As stocks hit records, Wall Street veteran Art Hogan explains why markets still have room to run higher, and how to set up your portfolio for success.
Transcript:
CAROLINE WOODS: So Art, the S&P 500 is at or near record highs. Are you a believer or skeptic of this rally?
ART HOGAN: I’m certainly a believer. I think the reason we got here is pretty intuitive. We started this year in markets and were quite defensive at that. In general, people wanted to get out of risk assets. They were selling things like technology, communication services and consumer discretionary. And buying things that were very defensive, like utilities, and health and consumer staples. And that was all because the front end of this new administration’s policy rollout was really the tough medicine, if you will. We had immigration and closed borders and we rolled out a very chaotic trade war. And that really encompassed. Investors attention all the way through to the beginning of the second quarter. Once we got past this April 2nd liberation day and got over the hump of some worst case scenario predictions on tariffs. Investors are starting to get a little more comfortable that some of the good policies might flow through. And what does that mean. Certainly tariffs not as high as we thought they would be back in April. Second but other things like passing a bill through Congress to continue the corporate tax rate that we have. And the other is the possibility of less regulation. And some of those things, the taxes and the less regulation would serve as an offset to obviously higher prices because of tariffs and slower GDP growth because of less immigration and and a shrinking labor force. So to me, I think we’ve kind of crossed over the rubicon on some of the worst case scenarios. And now market participants can start looking at things and saying, well, lower corporate taxes is probably good. The Fed cutting rates at the end of the year. Probably a good thing. And certainly we’ll start to feel the effects of less regulation. We’re starting to see that in some of the big banks already.
CAROLINE WOODS: But is that all priced in with the S&P 500 at record highs. Is this as good as it gets or can the market ultimately move higher?

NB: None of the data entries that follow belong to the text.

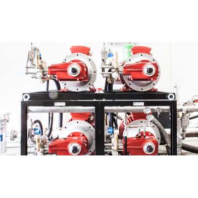 FOGTEC pump systems work at a pressure between 60 and 140 bar. If lower pressures would be used, the droplets generated would either be larger or they would have insufficient acceleration to reach the fire (law of energy conservation).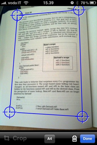 DocumentScanner, completamente tradotto nella nostra lingua, opera usando la macchina fotografica interna di iPhone grazie alla quale si acquisiscono le immagini delle pagine. Una volta memorizzate è possibile migliorarle, salvarle in formato JPG, combinarle in documenti PDF e condividere il tutto via Wi-Fi, e-mail o Internet grazie al pieno supporto per Google Docs.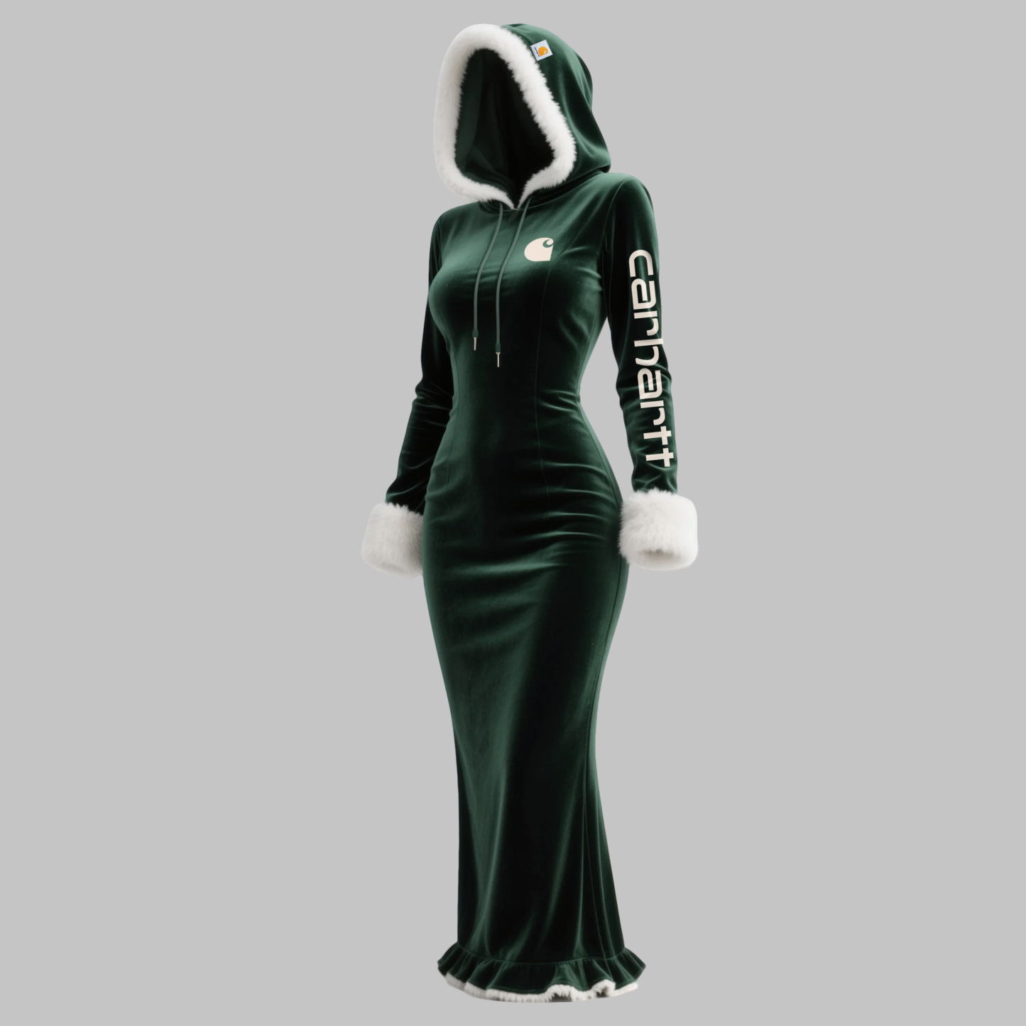 • Design Elements: Deer emblem with cross motif, decorative belt with tassels, and elegant ruffled hem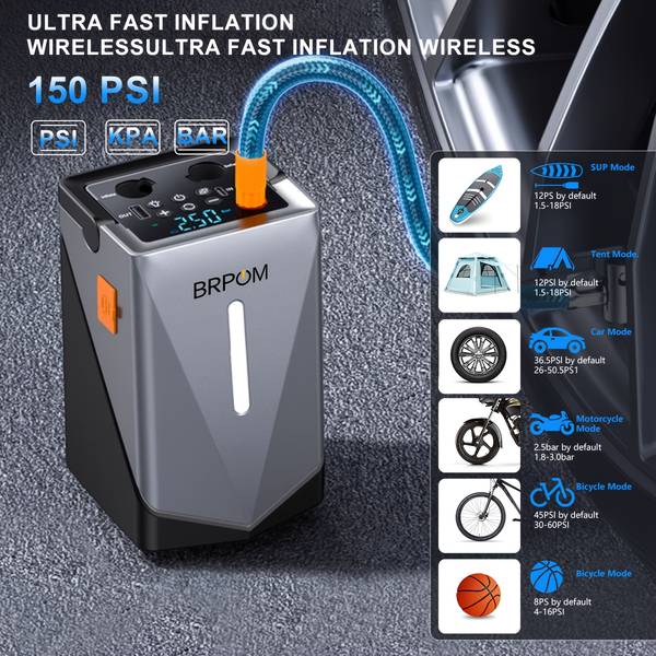 The built-in inflator quickly restores tyre pressure on the go. Perfect for puncture recovery, off-road tyre adjustments, bike tyres, inflatable sports gear, and emergencies.

ART HOGAN: You know it’s interesting. Every time a market comes to an all time high after having spent some time selling off, people get concerned that this is as good as it gets. And if we didn’t have all time highs with the S&P 500 would be back where it was when I started working at 800. So, you know, this is not as good as it gets. I think we’ve got some good news in front of us, not the least of which is we’re likely increasing everybody’s productivity because of artificial intelligence. We’re likely seeing a lot of smart investment going on in data center and infrastructure build out. And that’s why the industrials are one of the best performing sectors. I think that’s very healthy. We’ll likely see more publicly traded companies than we have right now. So if we went back 15 years, there was 8,000 publicly traded companies. Right now, there’s only 4,400. So the fact that we’re seeing IPOs come to market and having a warm reception, I think is a positive. But I think the most important positive is earnings are growing and estimates are actually going up. Last week, FactSet showed that S&P 500 estimates for this quarters quarterly earnings reporting season just went up. So beginning of the year second quarter earnings look like they might be about 14% year over year. For the second quarter. That went down as low as 7.5% We’re back up to 10% now. So that’s a good sign. Earnings are heading in the right direction. And a lot of excitement around artificial intelligence is certainly going to continue to be a tailwind here.
CAROLINE WOODS: On that note though, are the impact of tariffs has yet to really make a dent on corporate earnings or even on inflation. Do you expect that to change in the second half of the year?
ART HOGAN: I do, yeah. We’re going to start to see some data reflect that. Now data is going to be kind of messy because we had a huge pull forward by both companies and by individuals in the first quarter where, you know, you went out and bought a new refrigerator in March. You’re not going to buy another one in July. So multiply that by hundreds of millions of decisions that are made by both companies and consumers, and we’ll see a slowdown in purchases of goods that’s going to offset some of that initial impact of higher goods pricing.